Work to complete: In your copy of the data, keep every word exact and include no pictures.
[[ Data section open ]]
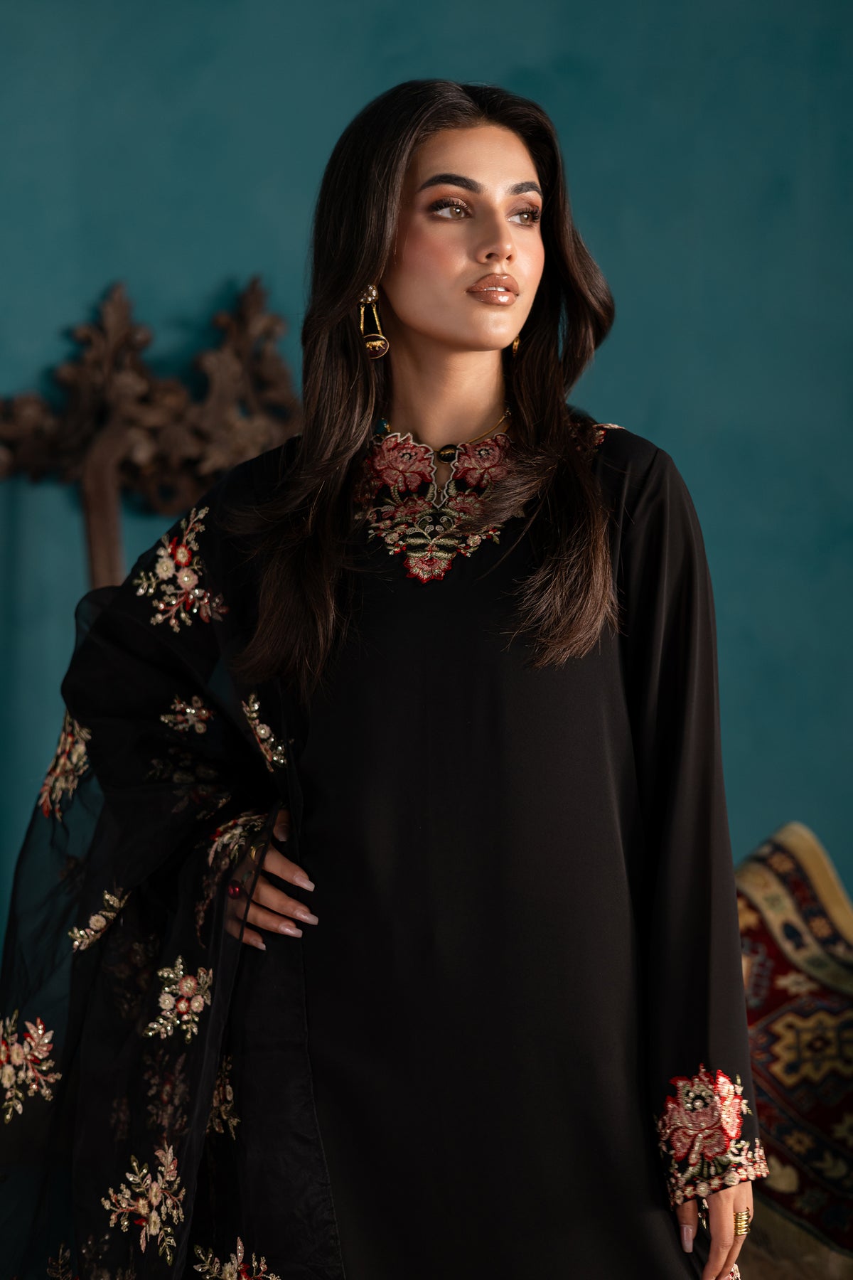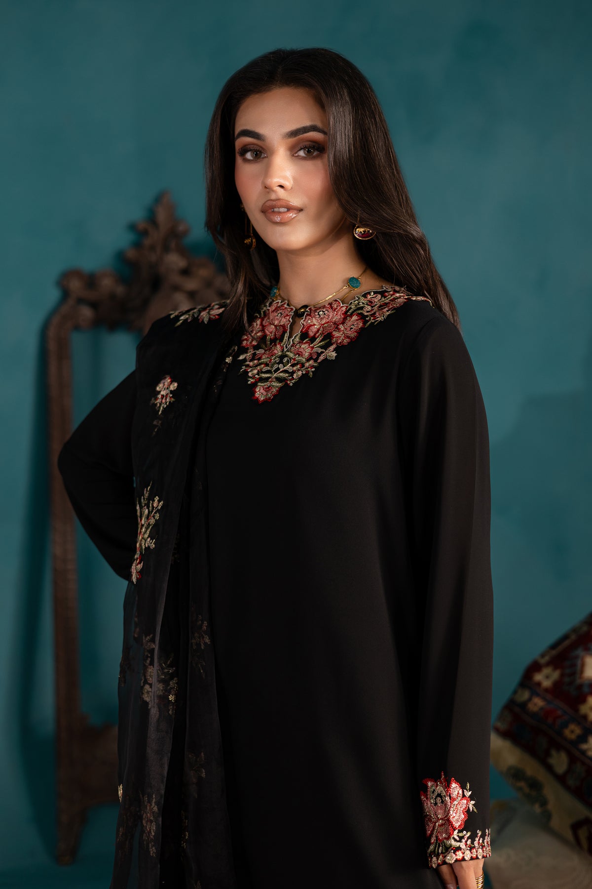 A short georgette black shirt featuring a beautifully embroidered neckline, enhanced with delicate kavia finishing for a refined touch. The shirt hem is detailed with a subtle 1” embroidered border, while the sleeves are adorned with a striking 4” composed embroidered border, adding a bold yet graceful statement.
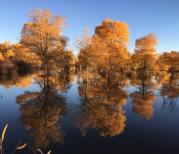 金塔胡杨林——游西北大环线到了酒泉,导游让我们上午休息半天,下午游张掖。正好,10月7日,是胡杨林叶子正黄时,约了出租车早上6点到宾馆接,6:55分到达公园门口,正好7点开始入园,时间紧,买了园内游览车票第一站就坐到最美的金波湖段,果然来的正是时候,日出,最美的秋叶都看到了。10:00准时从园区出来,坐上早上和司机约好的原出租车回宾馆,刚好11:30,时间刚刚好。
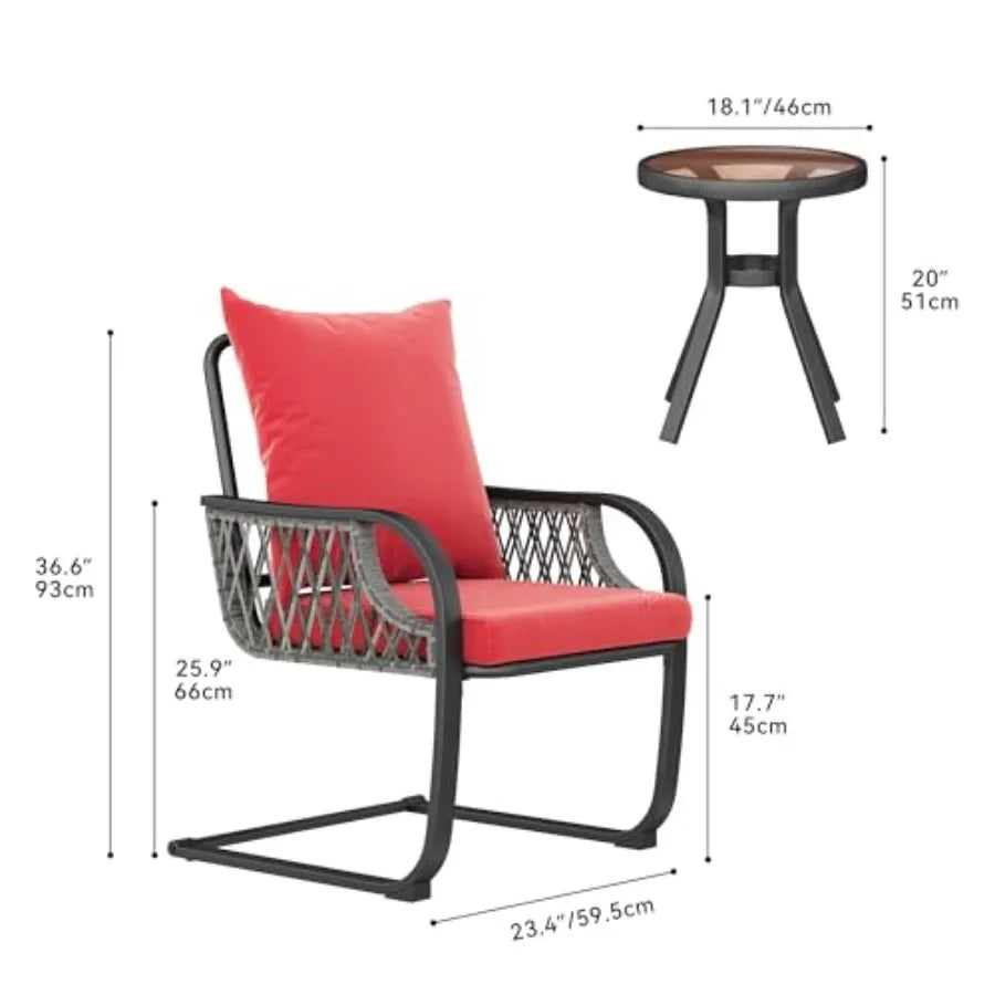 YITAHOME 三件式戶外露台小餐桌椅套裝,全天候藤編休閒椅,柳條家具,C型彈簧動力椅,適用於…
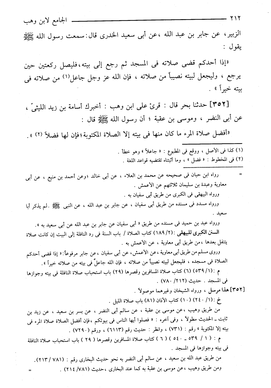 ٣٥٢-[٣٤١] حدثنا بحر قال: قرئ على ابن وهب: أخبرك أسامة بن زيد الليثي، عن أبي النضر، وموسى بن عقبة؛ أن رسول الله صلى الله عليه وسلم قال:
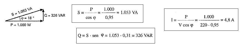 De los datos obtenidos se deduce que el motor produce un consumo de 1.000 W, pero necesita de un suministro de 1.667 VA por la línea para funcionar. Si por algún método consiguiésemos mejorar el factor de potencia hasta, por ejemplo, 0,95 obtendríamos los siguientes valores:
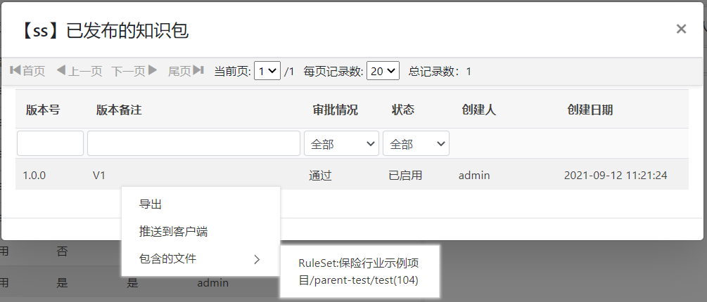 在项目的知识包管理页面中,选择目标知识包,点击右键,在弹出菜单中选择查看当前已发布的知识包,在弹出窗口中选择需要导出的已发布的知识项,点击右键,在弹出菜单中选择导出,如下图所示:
[[ Data section closed ]]
The completed task:
 A short georgette black shirt featuring a beautifully embroidered neckline, enhanced with delicate kavia finishing for a refined touch. The shirt hem is detailed with a subtle 1” embroidered border, while the sleeves are adorned with a striking 4” composed embroidered border, adding a bold yet graceful statement.
 金塔胡杨林——游西北大环线到了酒泉,导游让我们上午休息半天,下午游张掖。正好,10月7日,是胡杨林叶子正黄时,约了出租车早上6点到宾馆接,6:55分到达公园门口,正好7点开始入园,时间紧,买了园内游览车票第一站就坐到最美的金波湖段,果然来的正是时候,日出,最美的秋叶都看到了。10:00准时从园区出来,坐上早上和司机约好的原出租车回宾馆,刚好11:30,时间刚刚好。
 YITAHOME 三件式戶外露台小餐桌椅套裝,全天候藤編休閒椅,柳條家具,C型彈簧動力椅,適用於…
 ٣٥٢-[٣٤١] حدثنا بحر قال: قرئ على ابن وهب: أخبرك أسامة بن زيد الليثي، عن أبي النضر، وموسى بن عقبة؛ أن رسول الله صلى الله عليه وسلم قال:
 De los datos obtenidos se deduce que el motor produce un consumo de 1.000 W, pero necesita de un suministro de 1.667 VA por la línea para funcionar. Si por algún método consiguiésemos mejorar el factor de potencia hasta, por ejemplo, 0,95 obtendríamos los siguientes valores:
 在项目的知识包管理页面中,选择目标知识包,点击右键,在弹出菜单中选择查看当前已发布的知识包,在弹出窗口中选择需要导出的已发布的知识项,点击右键,在弹出菜单中选择导出,如下图所示:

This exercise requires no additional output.